**Problem description**: Lines from the beginning of the material below through the line that has "东南亚度假风小众设计感褶皱裙女夏高腰印花显瘦公主裙百褶裙子" are to be reproduced exactly, but pictures are not.

**Data to process**:

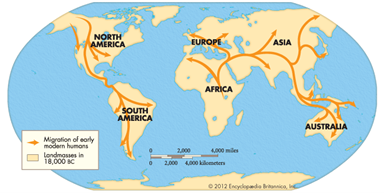 Mapa que contiene las migraciones de los pueblos desde que el ser humano salió de África. La sangre de Nuestra Madre contiene genes de cada uno de estos pueblos.
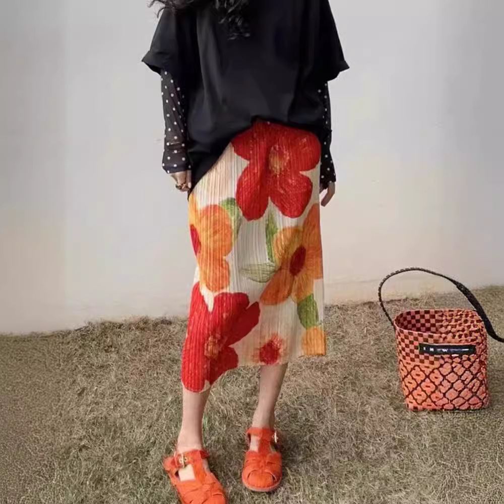 东南亚度假风小众设计感褶皱裙女夏高腰印花显瘦公主裙百褶裙子
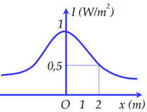 Một thiết bị phát âm có công suất P di chuyển dọc theo trục Ox, một thiết bị thu âm đặt cố định trên trục Oy, khảo sát sự phụ thuộc của cường độ âm thu được theo tọa độ x của thiết bị phát được đồ thị (như hình vẽ). Cho \({I_0} = {10^{ - 12}}\,\,W/{m^2}\). Lấy \({\pi ^2} = 10\). Khi thiết bi phát chuyển động qua vị trí M có x = 4m thì mức cường độ âm thu được gần nhất với giá trị nào sau đây?
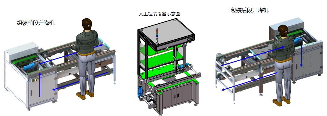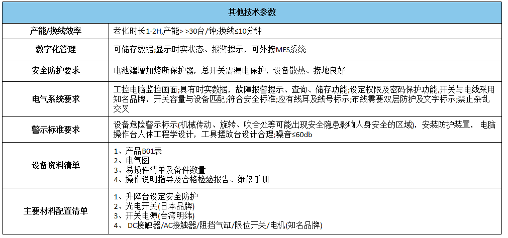 升降臺 | 1.測試完成機器送入直通導或老化架老化層; 2.接駁老化后包裝工作臺 | 感應/限位 | 1套 | |
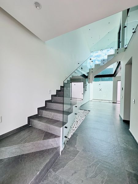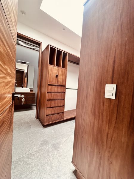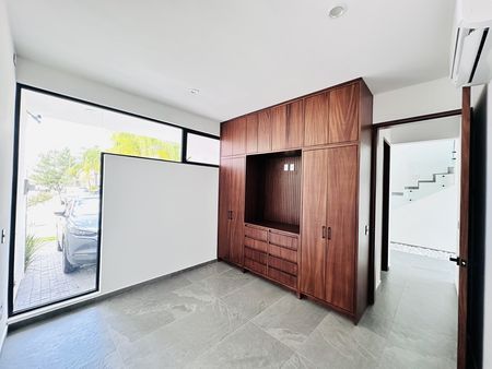 La casa tiene 1 recámara principal con vestidor y baño completo propio, 2 recamaras secundarias con closet y su baño completo para compartir, una recámara en planta baja ideal para oficina o estudio con baño completo y clóset.
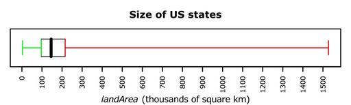 | Keywords: R-US state areas-basicboxplot+colour.svg en Basic horizontal boxplot example no outlier treatment with continuous data coloured to match R-US_state_areas-1D+quartiles Data US state areas Own HYanWong 2009-03-06 Created with R using the following commands <pre> svg file R-US_state_areas-basicboxplot+colour svg width 5 height 1 5 pointsize 8 Basic horizontal boxplot example no outlier treatment with continuous data coloured to match R-US_state_areas-1D+quartiles Data US state areas par mar c 4 1 3 1 +0 1 X <- state area 2 58998811/1000 stripchart X pch NA xlab expression paste italic landArea thousands of square km xaxt n dummy plot to set up axes axis 1 seq 0 2e3 100 cex axis 0 8 las 2 roll our own boxplot to allow different coloured whiskers etc Should be equivalent to boxplot Y range 0 add TRUE corners <- xy coords quantile X c 0 25 0 25 0 75 0 75 c 0 8 1 2 1 2 0 8 segments corners x corners y corners xc 2 3 4 1 corners yc 2 3 4 1 col c green grey30 red grey30 box segments median X 0 8 median X 1 2 lwd 3 median arrows quantile X c 0 25 0 75 1 range X 1 col c green red angle 90 length 0 1 whiskers title Size of US states dev off </pre> Box plots Images with R source code |
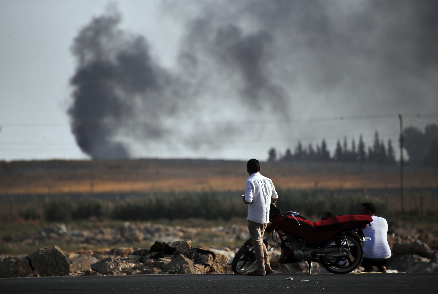 Türken sehen, wie auf der syrischen Seite der Grenze Rauch auf steigt: Die Gefechte halten auch am Samstag an.
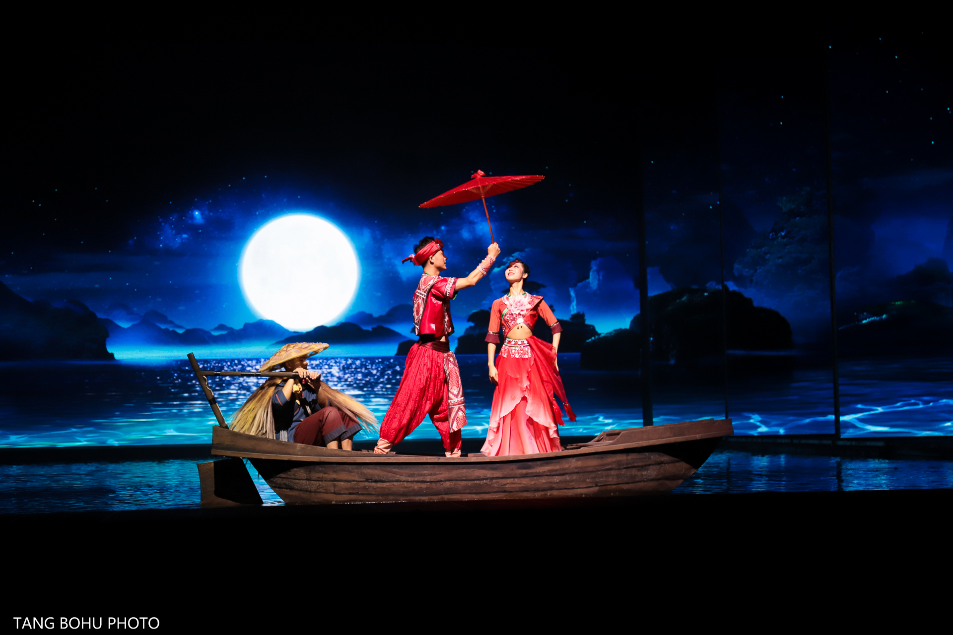 第四场:《 漓江 恋歌》山歌好比春江水,不怕滩险弯又多。一方水土养一方人, 这片神奇的土地孕育出许多传奇人物,刘三姐就是其中家喻户晓的一位。她是月光下听风轻吟的百灵鸟,有着出口成歌的本领,她那优美的歌声遍布山岗,让鲜花为之绽放、云霞为之驻留。

**Exercise response**:
 Mapa que contiene las migraciones de los pueblos desde que el ser humano salió de África. La sangre de Nuestra Madre contiene genes de cada uno de estos pueblos.
 东南亚度假风小众设计感褶皱裙女夏高腰印花显瘦公主裙百褶裙子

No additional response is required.